HomeArts in ReviewComposting your climate anxiety with some green reads

Composting your climate anxiety with some green reads

Learn about our home and our place in it with these resources

Apr. 22 marks Earth Day, a tradition that began in 1970 as a nationwide call to protect the planet. That first Earth Day, 20 million Americans protested environmental destruction in the wake of the Santa Barbara oil spill. In 1990, Earth Day went global, and it has since been observed by more than 140 countries.  
Book Cover by Knopf

The first Earth Day was designed by U.S. Senator Gaylord Nelson and organizer Denis Hayes as an “environmental teach-in,” a day meant to educate people about environmental sustainability and conservation. In the same spirit of this “teach in,” let’s find some resources that deepen our understanding of the natural world we call home, how human activity impacts it, who is working for a more sustainable future, and how we can join them. 

From Devils Breath (2023) is a documentary about the 2017 wildfires in Portugal, the community that survived them, and their fight to ensure no one goes through what they did. The documentary also shares the story of a scientific discovery that could help protect us from increasing natural disasters. Here in Canada, with our own wildfire struggles, one doesn’t have to reach very far to sympathize with those in the documentary. 

For a Canadian story, the short documentary Water Warriors (2017) chronicles a New Brunswick community’s successful fight to protect their resources. When an energy company began searching for natural gas near their homes, Indigenous and non-Indigenous families came together to defend their water and their way of life. 
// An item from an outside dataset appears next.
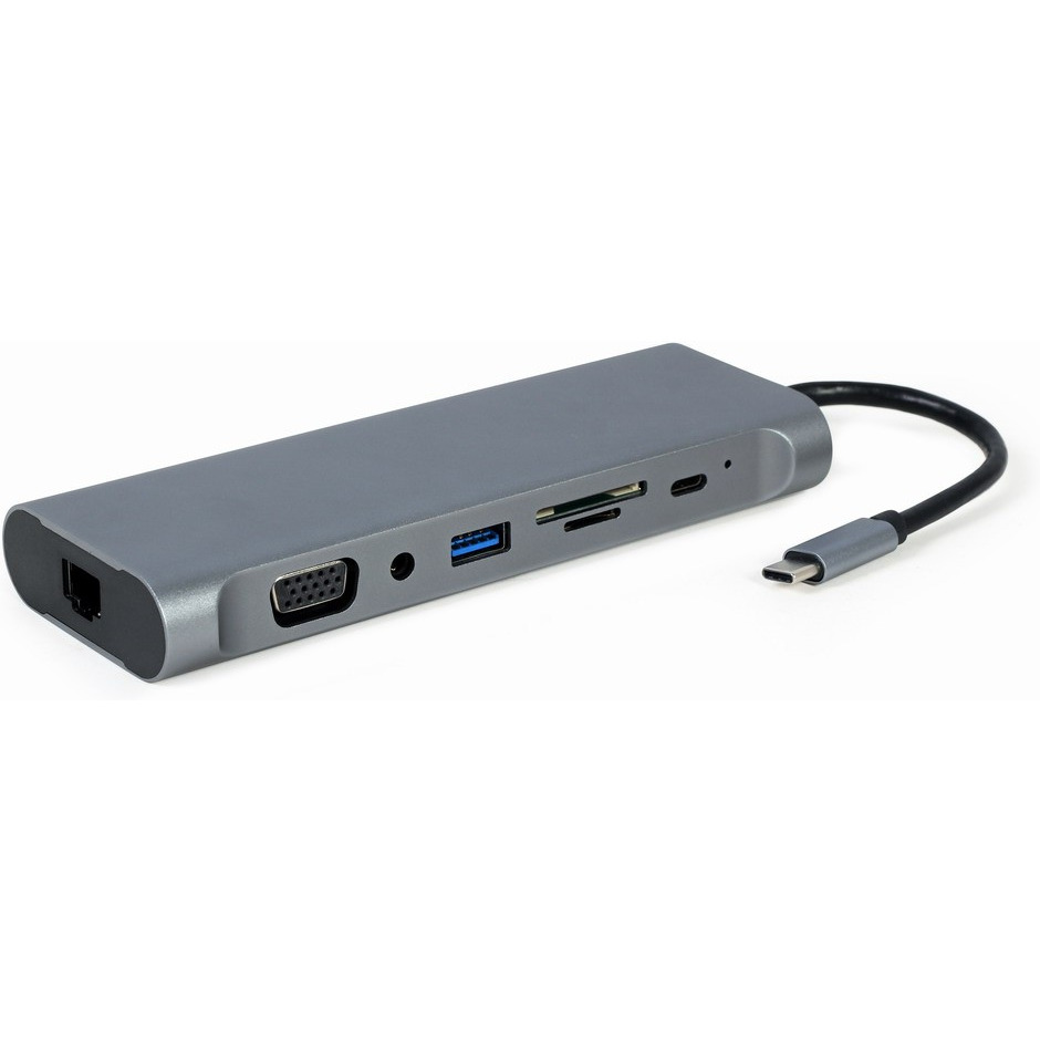 Adapter USB Typ-C 8 w 1 (Hub3.0 + HDMI + DisplayPort + VGA + PD + czytnik kart + LAN + dźwięk stereo), szary 8 w 1: koncentrator USB 3, porty wideo 4K HDMI, DisplayPort i Full HD VGA, dźwięk stereo, port Gigabit LAN, czytnik kart i obsługa ładowania USB Type-C PD Szybkie gigabitowe połączenie sieciowe i superszybki transfer danych przez hub USB 3.0 Praktyczny czytnik kart, wyjścia wideo i audio Plug & Play 4-portowy hub USB 3.1 Gen 1 (5 Gb/s) Port HDMI z obsługą UHD 4K @30 Hz Port DisplayPort z obsługą UHD 4K @30 Hz Port wideo VGA Full HD Wyjście audio stereo 3,5 mm Port 60 W USB Typ-C Power Delivery 3.0 Gigabitowy port LAN 10/100/1000 Mb/s Czytnik i nagrywarka kart SD i MicroSD Wytrzymała metalowa obudowa premium

As of July 2024, 74.8 per cent of Canada’s population lives in a metropolitan area, and population growth trends remain on an uptick. But city life can create an illusion of human life being separate from nature. The Nature of Cities (2010) documentary explores projects reconnecting cities and citizens with nature. How are cities around the world integrating nature in urban infrastructure and what can we learn from them? 

Turning to books, The Serviceberry: Abundance and Reciprocity in the Natural World (2024) by Dr. Robin Wall Kimmerer is a short read filled with actionable steps you can take with you long after finishing it. Kimmerer uses the Serviceberry, a native North American berry tree, to illustrate how the natural world operates under the principles of reciprocity, how it leads to mutual thriving, and what we can learn from the plants who have been on this earth longer than humans have. If you’re looking to deepen appreciation for the natural world and our place within it, any of Kimmerer’s books is a good place to start. She’s an author who has captivated me again and again. 

Crossings: How Road Ecology Is Shaping the Future of Our Planet (2023) by environmental journalist Ben Goldfarb examines the ecological transformations that roads bring far beyond the familiar tragedy of roadkill. Goldfarb travelled across the U.S. and around the world, talking with road ecologists, conservationists, engineers, animal rehabilitators, and community organizers about how roads have altered the natural world and how we can design better ones for every living being. 

If you are looking for a more narrative book, Finding the Mother Tree: Discovering the Wisdom of the Forest (2021) by Dr. Suzanne Simard is part science, part autobiography. It details the story of how Simard’s research led her to discover that trees are not solitary beings, but communicate and cooperate for the protection of the forest, with Mother Trees connecting and sustaining the trees around them. Simard also writes about her own life growing up in the logging world of British Columbia. And if you are interested in the subject but don’t have time for the full book, she also has a TED Talk discussing the subject.  

All of these resources are available for free through our public library system. Using the library supports a culture of lower consumption, which in turn reduces pressures on our natural resources. Sometimes the greenest choices are as simple as using your library card! 

While these resources are grounded in science, you don’t need to be science-minded to learn from or enjoy them each one approaches the concepts in an accessible way. In fact, it was several of these works that helped me understand how the sciences, humanities, and arts are not as disconnected as our courses often suggest. Everyone has something to contribute to building a more sustainable future, and education is part of that continual process of understanding how we can best care for each other and the place we call home.